Listed entries:
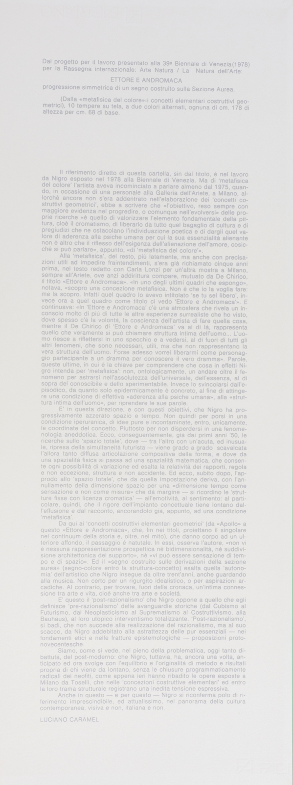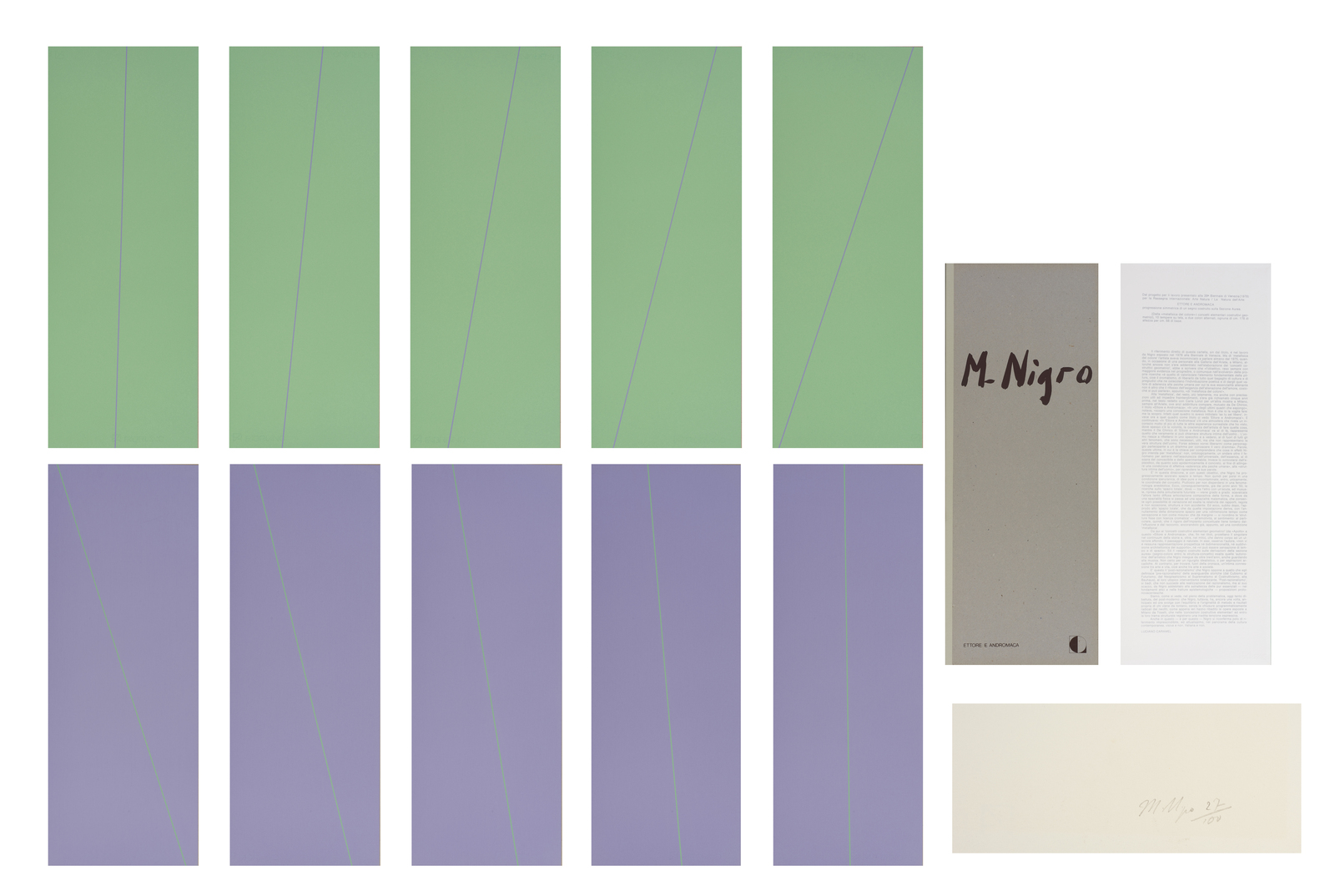 NIGRO MARIO (1917 - 1992) Ettore e Andromaca. Serigrafia (cartella completa). Cm 26,50 x 70,00. 27/100. Cartella composta da n.10 fogli firmati e numerati al retro a matita. Entro custodia originale. Editore Studio d’Arte Contemporanea Dabbeni. Le dimensioni segnalate in catalogo sono di ciascun foglio. L’opera è stata realizzata dal progetto per il lavoro presentato alla 39° Biennale di Venezia (1978) per la Rassegna Internazionale: Arte Natura/ La Natura dell’Arte: “ETTORE e ANDROMACA”. Prefazione contenuta nella cartella a cura del prof. Luciano Caramel.
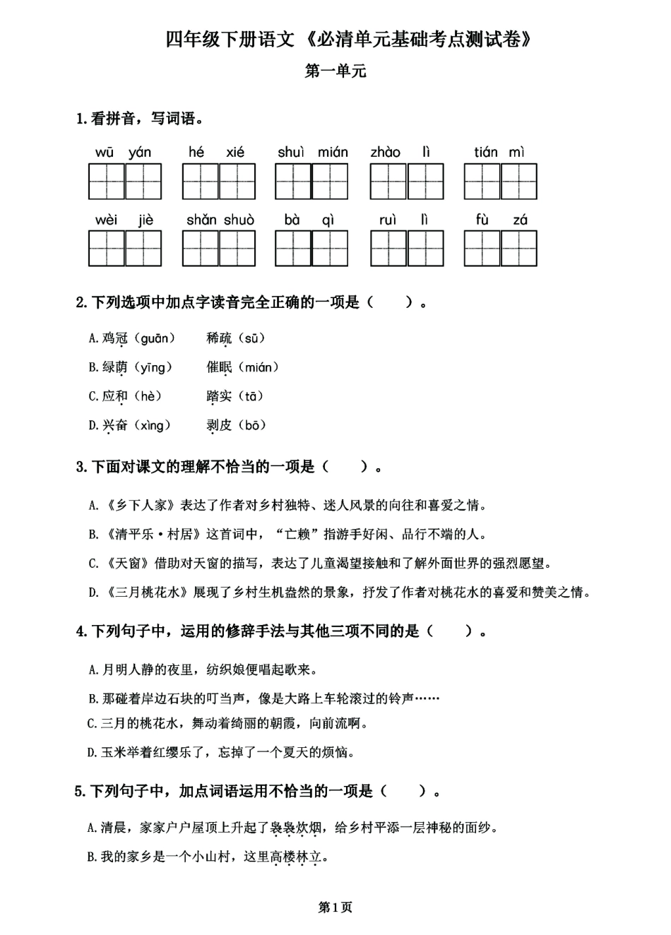 小学四年级下册四下语文《1-4单元必清基础考点测试卷》1.pdf
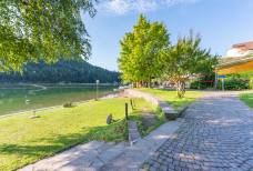 Note: Dall'ingresso l'ospite può facilmente raggiungere (leggere pendenze) le piscine e il pontile principale.
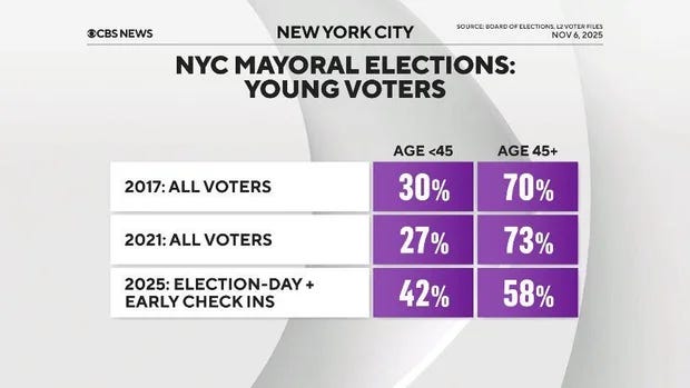 Data from the New York City Board of Elections indicates that of the two million voters who cast ballots in person, 42% were under age 45 — a much higher share than in recent mayoral races. In 2021, just 27% of those who voted for New York City mayor were under 45.
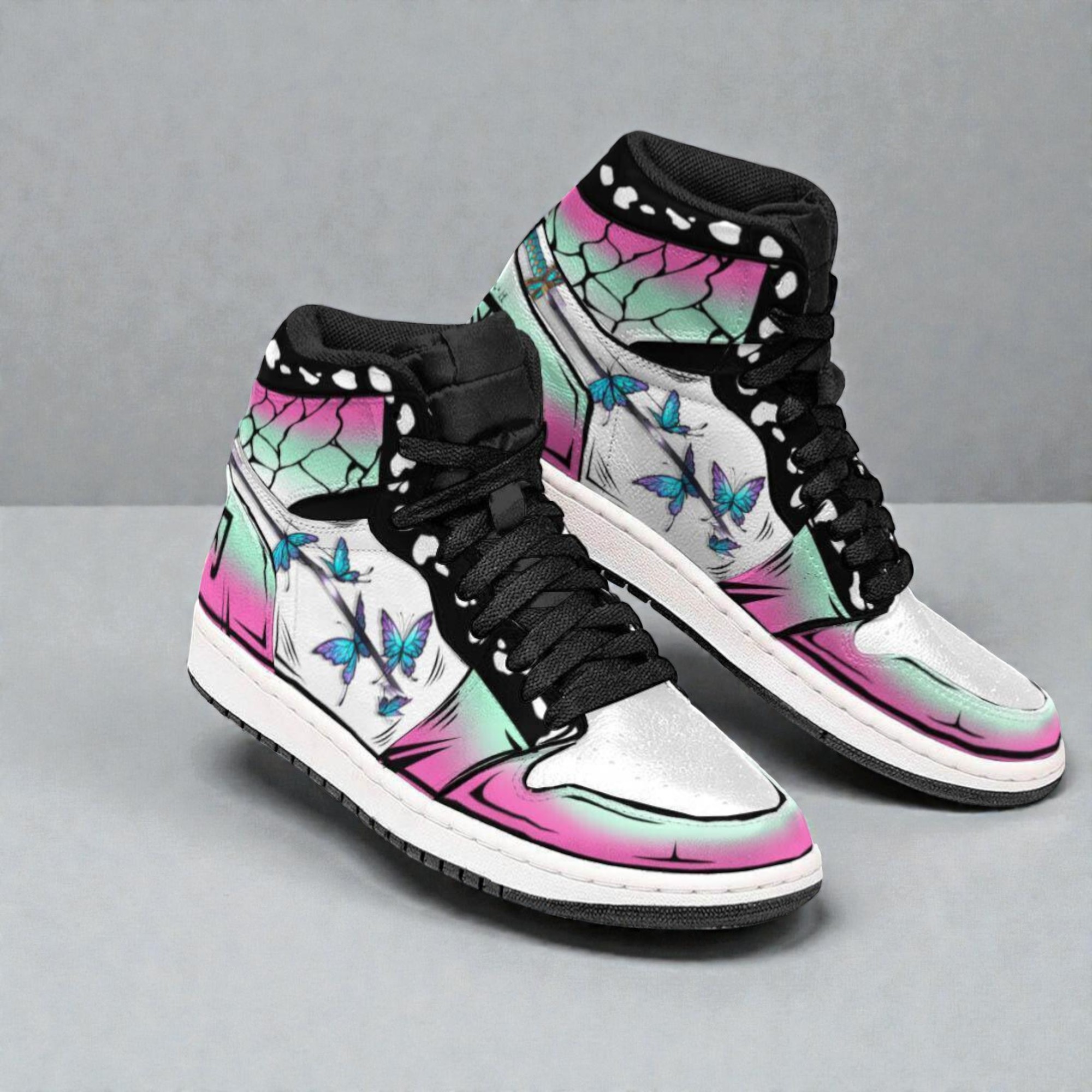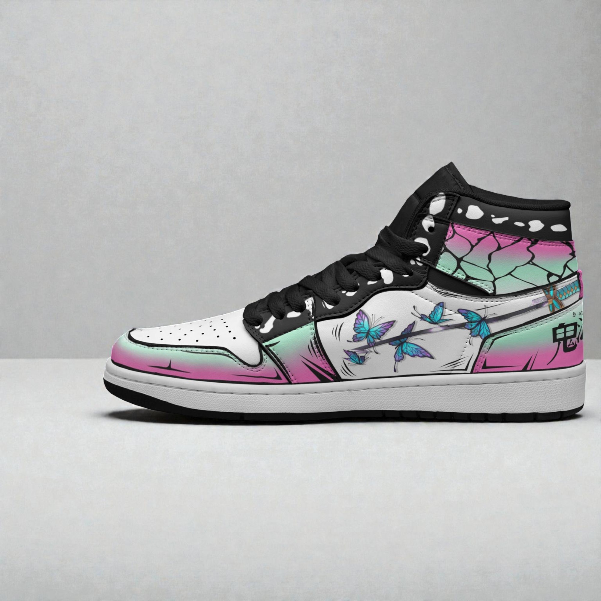 Kochou Shinobu is a character known not just for her quiet strength but also for the delicate grace she carries, reflected in the way she moves and fights. These shoes capture that essence with thoughtful details that go beyond simple cosplay. The design draws from the cherry blossom and butterfly motifs, symbols closely tied to her elegant yet fierce persona. You’ll notice the white base paired with black accents, creating a clean canvas that lets the gradient pink and mint colors on the panels really stand out. Small touches like the cracked pattern at the heel and the kanji-like symbol add layers of meaning without overwhelming the design. The craftsmanship feels solid yet comfortable, blending sneaker streetwear influences with cosplay aesthetics. They’re lightweight enough to wear at a convention or just around town, giving fans a way to nod to the character in everyday settings. These Kochou Shinobu cosplay shoes don’t just sit on a shelf; they invite you to slip into Shinobu’s world with every step. They’re a great fit for anime cosplay fans who appreciate subtle but meaningful design, as well as sneaker enthusiasts who look for bold, graphic styles with a story behind them. Whether you’re gifting for a close friend who collects anime memorabilia or adding to your own cosplay rotation, these shoes offer a playful yet stylish way to connect with a favorite character.

Problem requirements: Starting at the line above that has "小学四年级下册四下语文《1-4单元必清基础考点测试卷》1.pdf" and ending at the line that has "Note: Dall'ingresso l'ospite", copy each line exactly, leaving the pictures out and adding nothing.

Response:
 小学四年级下册四下语文《1-4单元必清基础考点测试卷》1.pdf
 Note: Dall'ingresso l'ospite può facilmente raggiungere (leggere pendenze) le piscine e il pontile principale.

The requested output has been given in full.